In the 2021-22 school year, outside the Bay Area, Mentoring Mission achievements included:
-Cases in the Classroom at Chicago’s Whitney Young H.S. Eight classes of high school students at Whitney Young Magnet High School analyzed Harvard Business School (HBS) Case Studies.
-Students from five business classes at Whitney Young Magnet High School and Carl Schurz High School in Chicago participated in mock job interviews with executives from several Chicago-area companies.
-Introduced Schurz H.S. Students to Aviation Maintenance as a Career. Mentoring Mission organized a field trip in November 2021 and another in June 2022 for students from Chicago’s Carl Schurz High School to O’Hare Airport to get them thinking about a career in aviation mechanics.
-Produced Cases in the Classroom at a Jersey City High School with Harvard grad and PhD professor flying in from University of Wisconsin-Milwaukee to lead the discussion. This was the second year that McNair Academic High School participated in Cases in the Classroom.
-Began working with a professor/author from Stanford University to introduce study of logic into the high school curriculum as a precursor for working in computer science.

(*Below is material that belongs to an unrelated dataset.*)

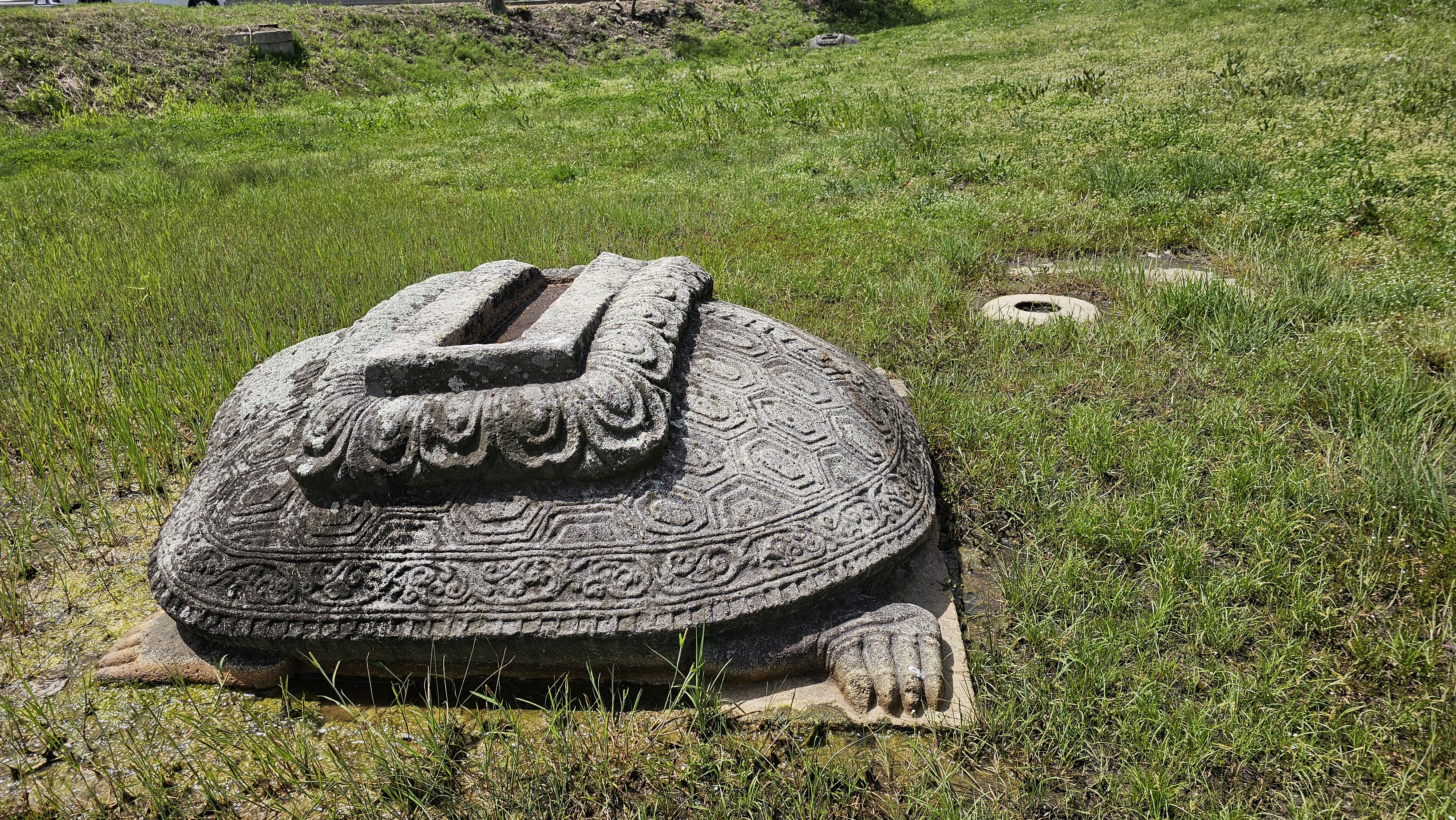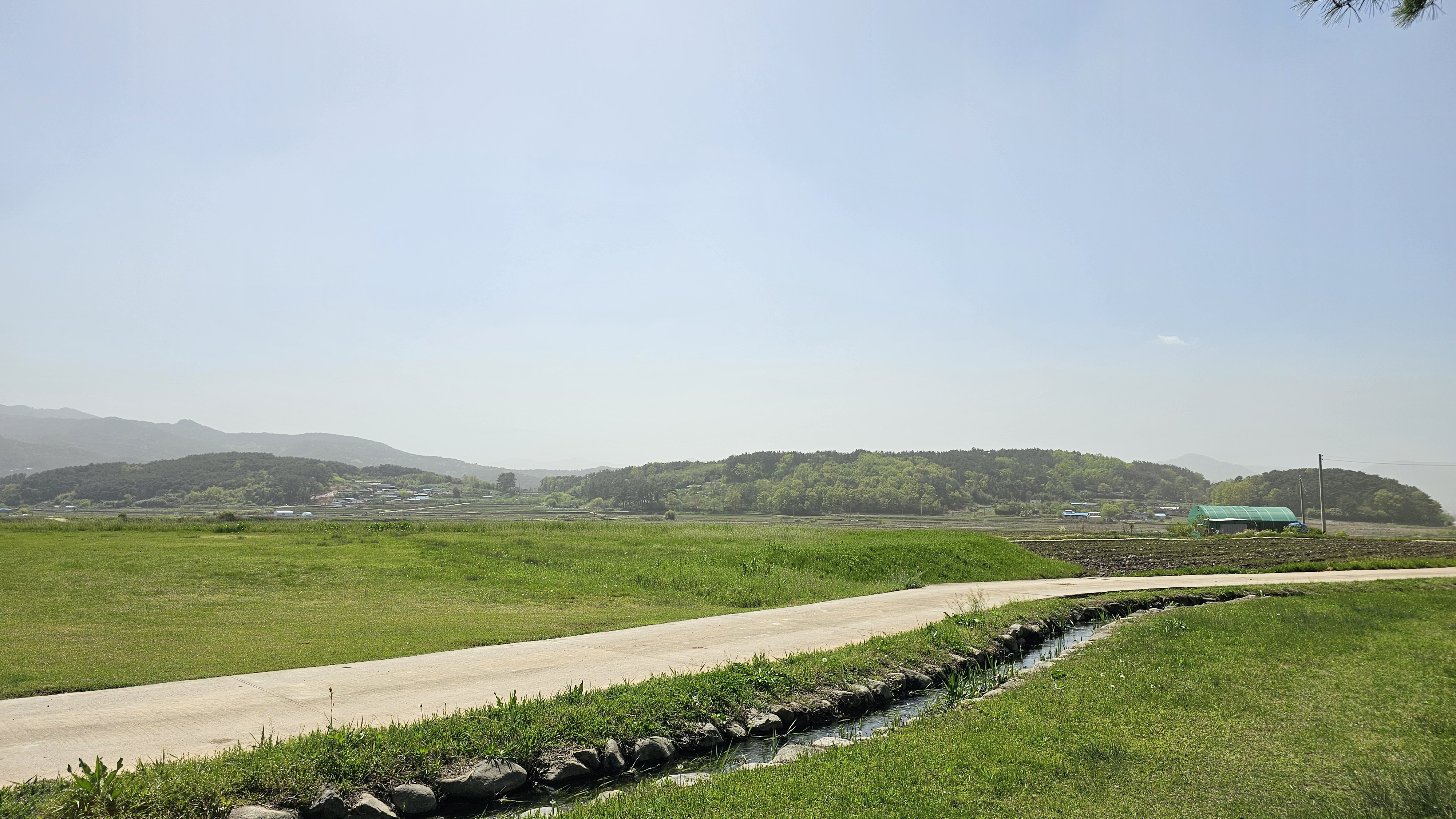 선덕여왕의 아버지 진평왕릉으로...차량으로 사천왕사지 뒤 철로다리 해체한곳으로 쭉 이동...논길사이를 달려 진평왕릉으로 갑니다.

-Applied for the Delta Grant from U.S. Dept of Labor to bring the Aviation Maintenance curriculum into high schools in the Delta region which begins in southern Illinois and continues south in the U.S.
Keeping Up with the Aviation Industry
Carol Valentino-Barry attended the Educator's Day at Experimental Aircraft Association's AirVenture in July and the MRO America's MRO Competition (Maintenance, Repair, Overhaul) in Dallas, Texas in April.
To Get Involved with Mentoring Mission
For more information about getting involved in Mentoring Mission as a school, sponsor or mentor, contact Carol Valentino-Barry at carolvalentinobarry@gmail.com. For more information about Mentoring Mission, visit www.mentoringmission.org.
* Lasting Impact Study - A Business Leader's Playbook for Supporting American Schools" by the Gates Foundation, The Boston Consulting Group and Harvard Business School (part of Harvard Business School's Competitiveness Project). Two thousand Superintendents and CEOs agreed: "We have no shared reality." The time had come for American business leaders to work with the nation's educators to support our schools which would also improve the future economy of the country.